3. Morgan Super 3

The first Morgan 3-Wheeler (as in the 2012 reinvention, rather than the 1909 original) proved to be a surprise hit for the Malvern maker. Around 2,500 left the factory over a ten year production run, which for the nichest of niche manufacturers is as close to mass production as you get.

With its all-new car the brand can expect even greater success as it oozes the same spirit and charm of its predecessor, yet is packaged in a far more versatile and modern package. The unique three-wheel layout remains the same, as do the upturned bathtub looks, but under the skin there’s a stronger monocoque construction, more sophisticated suspension and turbocharged three-cylinder Ford Fiesta engine in place of the throbbing Harley Davidson V-Twin.

Tipping the scales at just 635kg, the 118bhp Morgan is brisk, its performance aided by a snickity five-speed manual sourced from the Mazda MX-5. Yet it’s the way the skinny-tyred machine tackles corners that delivers the real delight, the modest grip levels and well-balanced handling making it huge fun at any speeds.

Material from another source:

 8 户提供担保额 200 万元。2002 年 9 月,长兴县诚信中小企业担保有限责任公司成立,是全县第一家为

Yes the lack of weather protection means you need to be committed on longer journeys, while a price the wrong side of £40,000 stretches the definition of ‘affordable’, but when all you want to do is drive on the sort of roads that the most of us use everyday, then few cars will have your heart singing more loudly.

4. Toyota GR86

How do you improve on perfection? If you’re Toyota and you need to replace the already excellent GT86 then you add a bit more power, give the looks and interior a much-needed refresh and, well, that’s it. 

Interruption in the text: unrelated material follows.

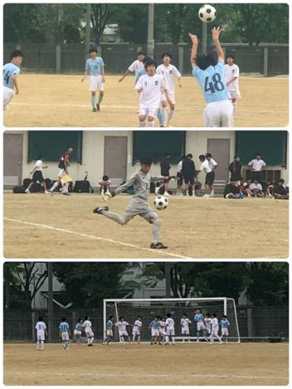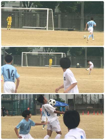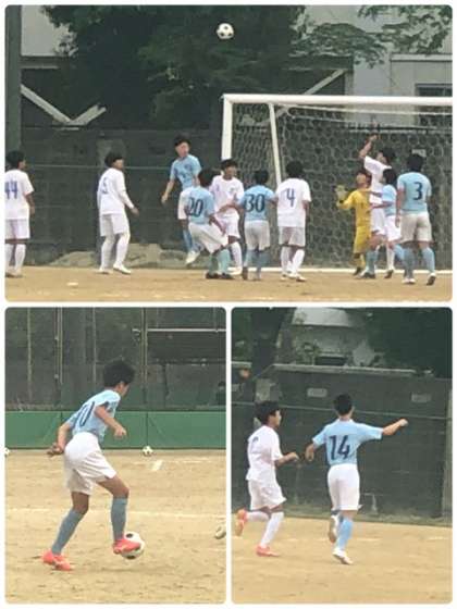 味方47番の選手(水色ユニフォーム)右コーナーキックから10番の選手がピッタリとヘディングであわせ先制ゴール!

Okay, so there’s rather more to the GR86 than that, but not much. For starters, the newcomer is built on a strengthened version of the old car’s chassis and shell, while under the bonnet there’s now a more muscular flat-floor motor that’s been stretched to 2.5-litres and 231bhp. The suspension and steering are essentially same, while the GT86’s Teflon Michelin Primacys have been swapped for gummier Pilot Sport 4s.

The result is that the car drives in much the same way, with the same beautifully balanced and gloriously adjustable rear-wheel drive attitude that can be exploited at any speed on road or track. Yes, the engorged engine delivers more pace, but not much more and it’s still a little characterless when worked hard.